2017/03/10 | Par Frédéric Lacroix

Ce qui est admirable avec les inconnues du grand public, c’est qu’elles maitrisent encore mal les codes de la langue de bois et révèlent ingénument des vérités que les candidates plus aguerries savent mieux cacher.

Mme Emmanuella Lambropoulos, donc, a tenu son discours de victoire en anglais d’abord. Quand le Devoir lui a demandée d’expliquer la chose, elle a répondu, tout simplement: « Je suis beaucoup plus à l’aise en anglais… Je préfère l’anglais, c’est sûr…la majorité des personnes qui sont venues voter pour moi, ce sont des anglophones….je sais que les gens qui m’ont appuyé, for sure, ce sont des anglophones ».

Comment dire? Tout est là. Le français qui est la « langue commune » au Québec dans les fantasmes des Québécois de « souche » seulement, l’anglais qui est la langue « préférée », la langue qui est le déterminant majeur du vote des « anglophones ». Toute notre situation linguistique nous est jetée en pleine face par cette ravissante personne. Tant de candeur est rafraîchissant!

Mais il y a plus. Mme Lambropoulos a été professeur de …. français à Beaconsfield High School et elle enseigne maintenant les sciences (en français!) à LaurenHill Academy. Oui, oui, cette charmante personne (qui a fait toutes ses études en anglais) enseigne en français. Le concept de « français, langue seconde » est poussé à son paroxysme! Mme Lambropoulos est une candidate parfaite pour le Canada Liberal Party/Parti libéral du Canada.

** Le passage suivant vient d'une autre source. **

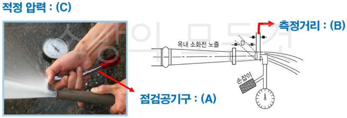 ⑵ 따라서, 점검공기구(A)는 피토게이지, 방수압력 측정거리(B)는 노즐구경의 ½, 적정 압력(C)은 0.17~0.7MPa이 된다.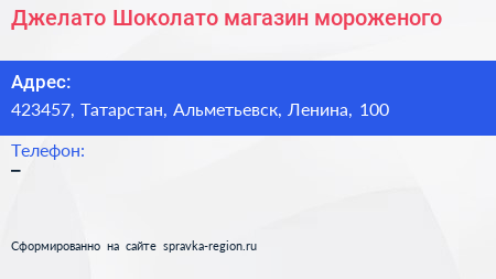 Джелато Шоколато, магазин мороженого по адресу 423457, Татарстан, Альметьевск, Ленина, 100 в дальнейшем Организация, размещена в следующих категориях:
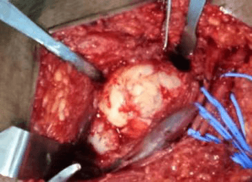 Osteochondroma in the antero-medial aspect of subtrochanteric region of the left femur with origin abutting the lesser trochanter with a large cartilaginous cap causing compression anterior displacement of femoral vessels near the bifurcation.
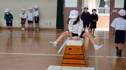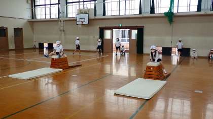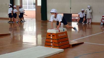 1年生は、体育の「とびばこあそび」の学習をしています。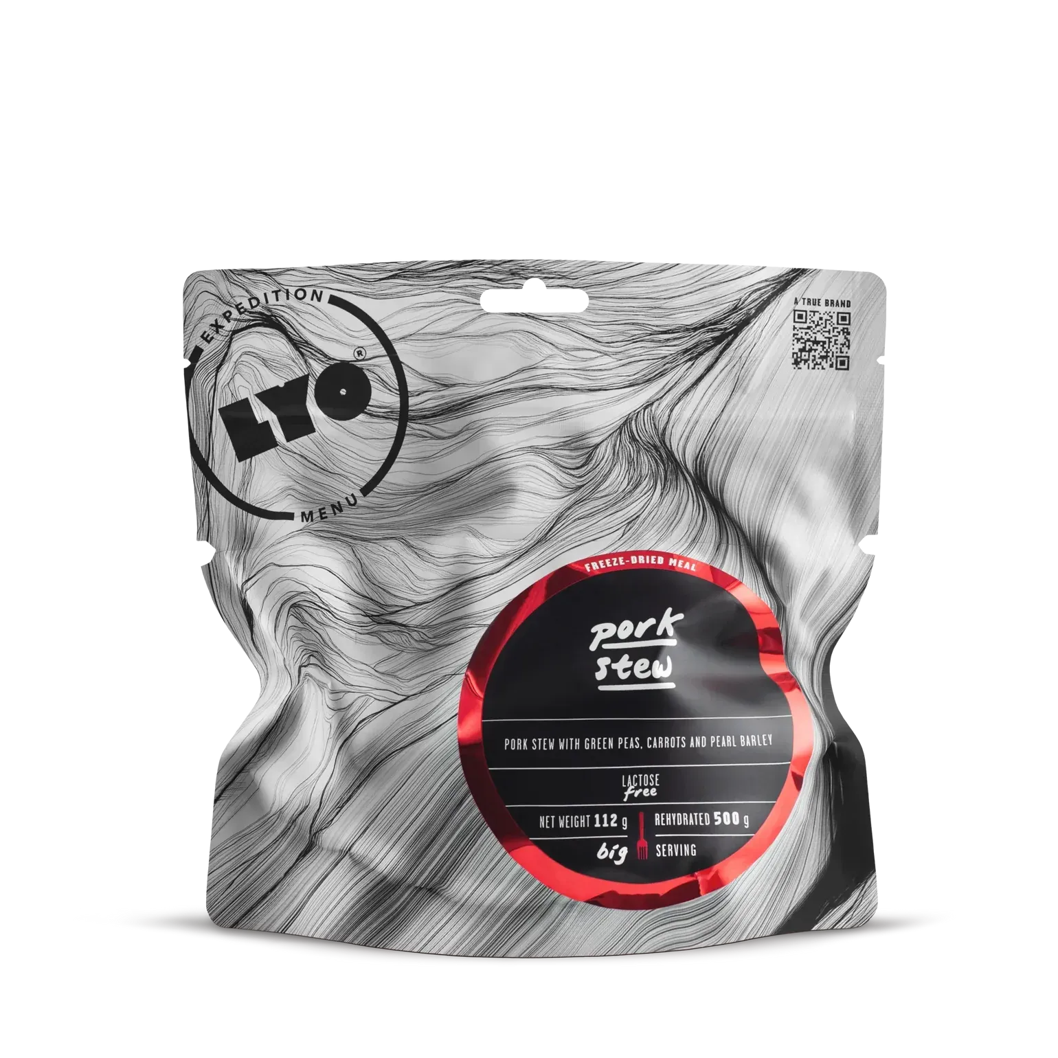 LYOFOOD Pork Stew är en smakrik fläskgryta med potatis, bönor och grönsaker i en rik tomatbaserad sås. Tillverkad med 100 % naturliga ingredienser och helt utan laktos eller konstgjorda tillsatser. Rätten ger en kraftig och näringsrik middag – perfekt efter en lång dag på berget, jakt eller expedition. Låg vikt, hög energi och god smak – klar på några minuter.Specifikationer

Ce fait divers constitue une illustration parfaite de l’inanité des politiques linguistiques centrées sur la « connaissance du français ». Rien n’empêche quelqu’un de connaitre le français, mais de préférer l’anglais, bref d’avoir le français comme langue seconde, simple outil de communication, et non socle d’une culture vivante et dynamique. La langue des institutions constitue une matrice qui forme et définit les identités des personnes qui les fréquentent. L’Enquête sur les comportements linguistiques des étudiants du collégial (ECLEC) (http://irfa.ca/site/_pdf/note_irfa_SEPTEMBRE2010A.pdf) avait prouvé que les étudiants qui fréquentent le Cégep anglais avaient une nette tendance à faire de l’anglais leur « langue préférée », même s’ils avaient une bonne connaissance du français (et même si le français était leur langue maternelle dans plusieurs cas!).

La conclusion? Les politiques de « connaissance du français », comme par exemple imposer des examens de français dans les Cégeps anglophones n’auront pas pour résultat de ralentir l’effondrement du français comme langue « préférée » à Montréal.